The City Planning Department is currently reviewing the first administrative screen-check of the Draft Environmental Impact Report (Draft EIR, or DEIR). Nothing has been released or completed, according to an email from Diane Kitching, the planner in charge of the EIR, dated May 4, 2011)

The applicant proposed (and still proposes) to replace the existing hospital, and to build a 31,000 square-foot administration support facility and a 17,000 square-foot skilled nursing facility, and to subdivide and redevelop the remainder of the property with 888 multi-family residences (1,050,500 square feet) and 15,000 square feet of commercial space.  (August 25, 2009 Notice of Preparation and Notice of Public Scoping Meeting for an Environmental Impact Report). (E-mail messages from Diane Kitching, August 25, 2009 and May 4, 2011). 
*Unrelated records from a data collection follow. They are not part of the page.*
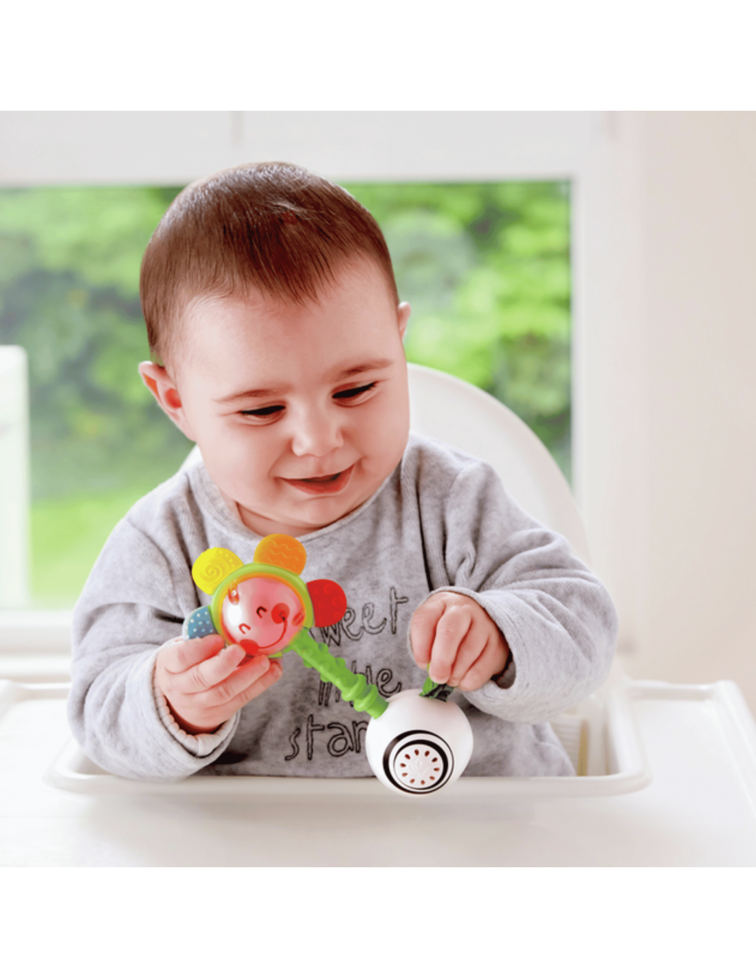 El Sonajero de Flor “Agita y Brilla” Hape es un adorable juguete sensorial diseñado para estimular la vista, el oído y el tacto del bebé desde los primeros días de vida. Su estructura con forma de flor incluye luces suaves y sonidos armoniosos que se activan al agitarlo, creando un efecto visual y auditivo que cautiva al bebé y favorece su desarrollo sensorial temprano.
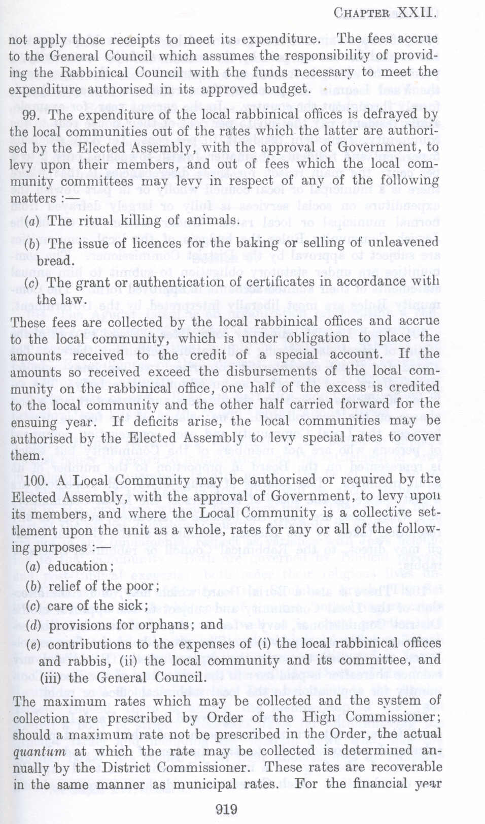 99. The expenditure of the local rabbinical offices is defrayed by the local communities out of the rates which the latter are authorised by the Elected Assembly, with the approval of Government, to levy upon their members, and out of fees which the local community committees may levy in respect of any of the following matters:-
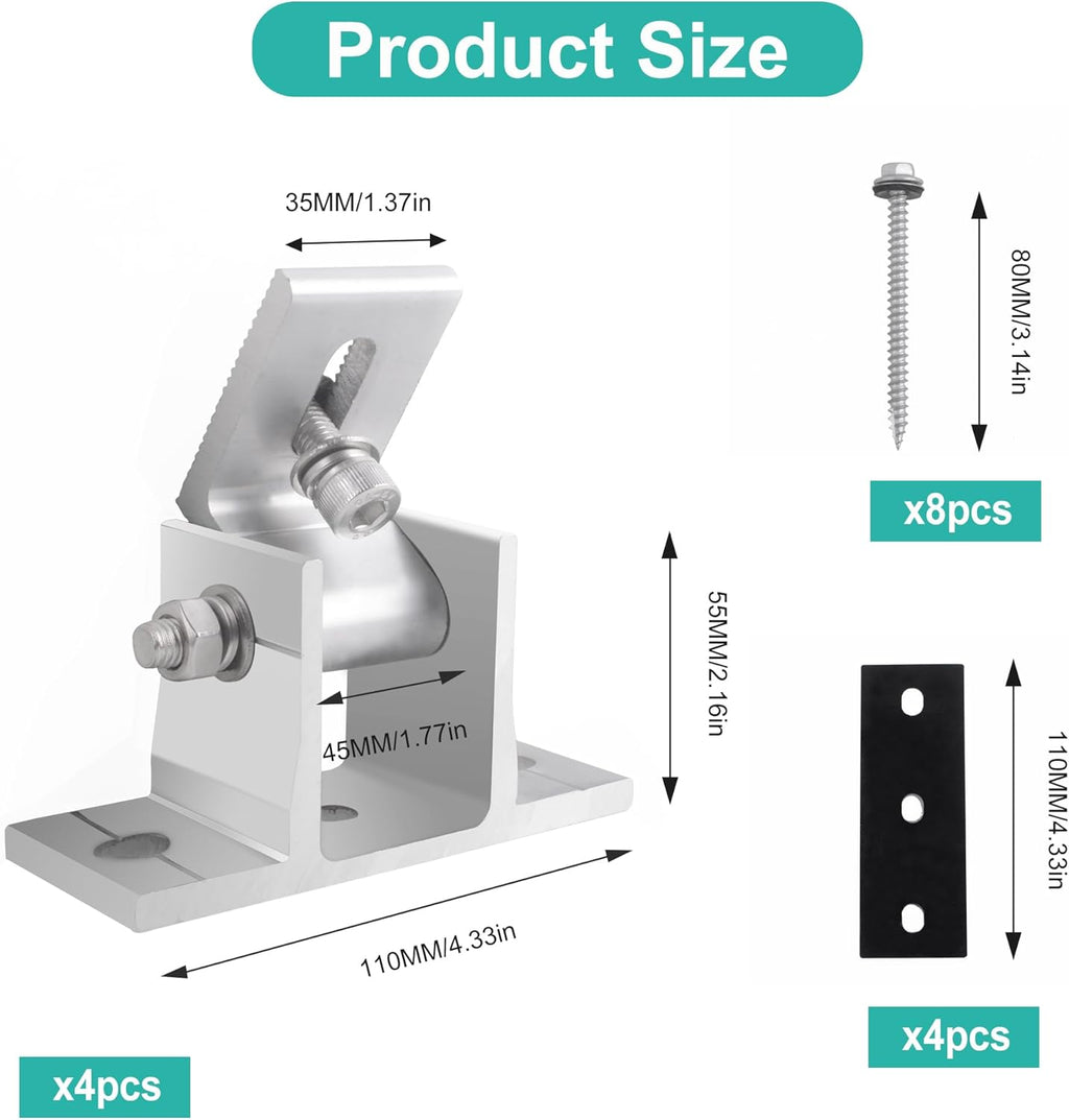 • Einfach zu Installieren - Aluminium-Montagehalterungen werden mit vorgebohrten Löchern und passenden Befestigungsschrauben geliefert. Das verstellbare Montagesystem erleichtert die Montage oder Demontage auf geneigten Dächern. Ideal für unregelmäßige Oberflächen. Die Installation ist schnell und einfach, was Ihnen viel Zeit spart
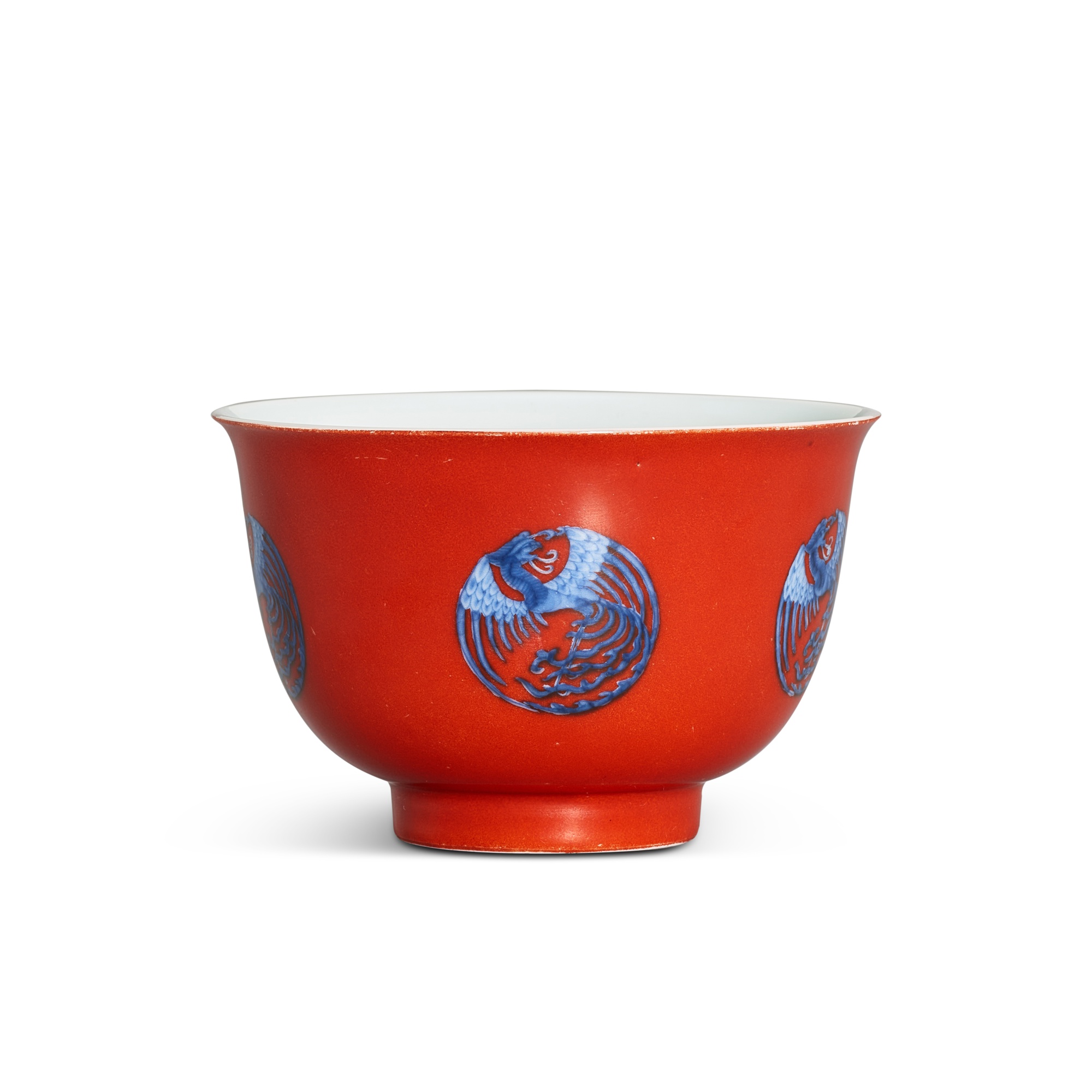 A coral-red ground underglaze-blue 'phoenix' bowl, Mark and period of Kangxi 清康熙 珊瑚紅地青花團鳳紋盌 《大清康熙年製》款

The City’s decision to either allow the proposed land use changes, to require mitigation of environmental impacts or to deny the project, should be seen against the backdrop of the history of the area. 

Barlow Hospital has been able to take advantage of the site for 109 years. It now seeks the change the character of the neighborhood and of Elysian Park substantially.